#### Prompt:
Exact copies of all the lines below are required, with the pictures omitted.

#### Data below:
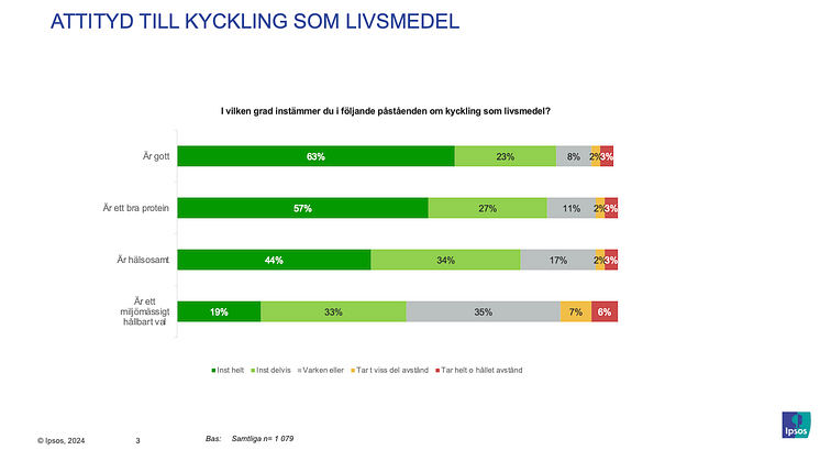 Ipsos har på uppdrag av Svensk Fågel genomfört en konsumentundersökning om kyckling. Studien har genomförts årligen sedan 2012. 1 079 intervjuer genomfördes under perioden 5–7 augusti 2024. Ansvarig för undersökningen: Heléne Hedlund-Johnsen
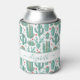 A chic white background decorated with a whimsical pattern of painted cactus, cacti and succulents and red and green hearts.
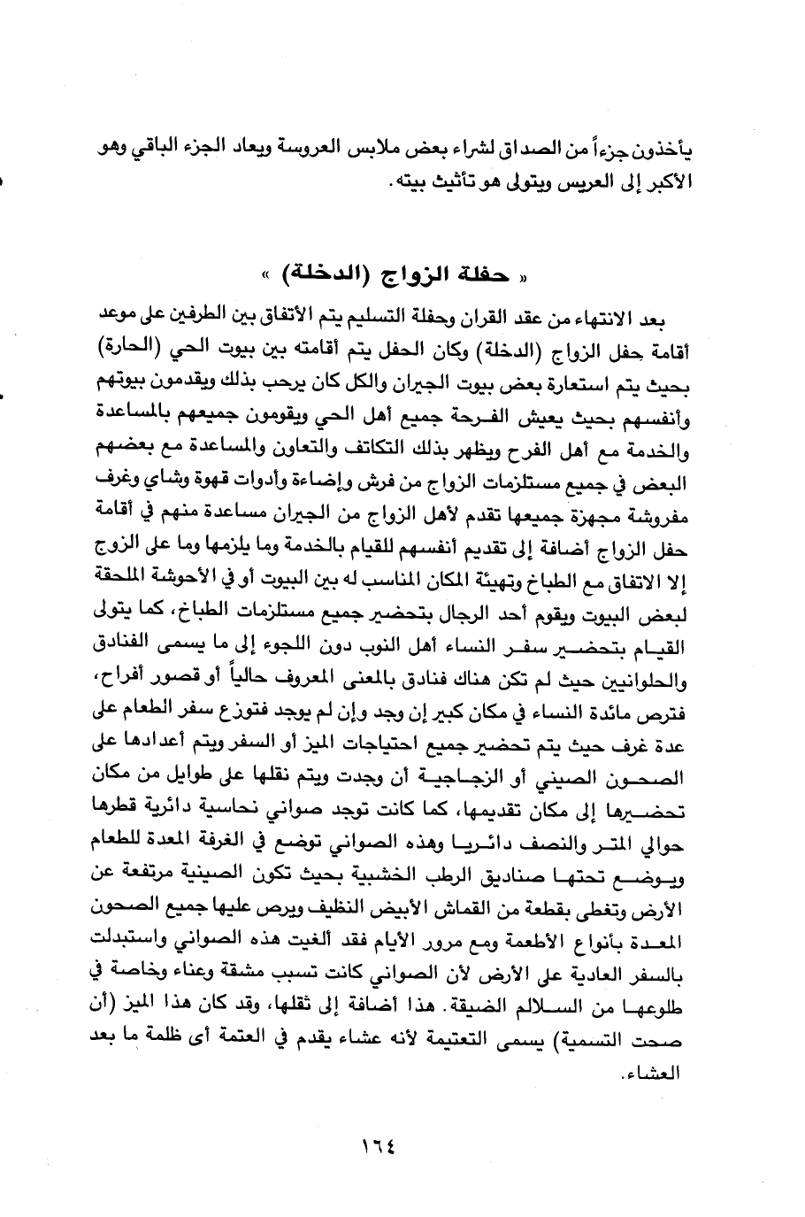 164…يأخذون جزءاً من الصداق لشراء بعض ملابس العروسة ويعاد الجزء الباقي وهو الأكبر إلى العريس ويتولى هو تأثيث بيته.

#### Solution for this exercise:
 Ipsos har på uppdrag av Svensk Fågel genomfört en konsumentundersökning om kyckling. Studien har genomförts årligen sedan 2012. 1 079 intervjuer genomfördes under perioden 5–7 augusti 2024. Ansvarig för undersökningen: Heléne Hedlund-Johnsen
 A chic white background decorated with a whimsical pattern of painted cactus, cacti and succulents and red and green hearts.
 164…يأخذون جزءاً من الصداق لشراء بعض ملابس العروسة ويعاد الجزء الباقي وهو الأكبر إلى العريس ويتولى هو تأثيث بيته.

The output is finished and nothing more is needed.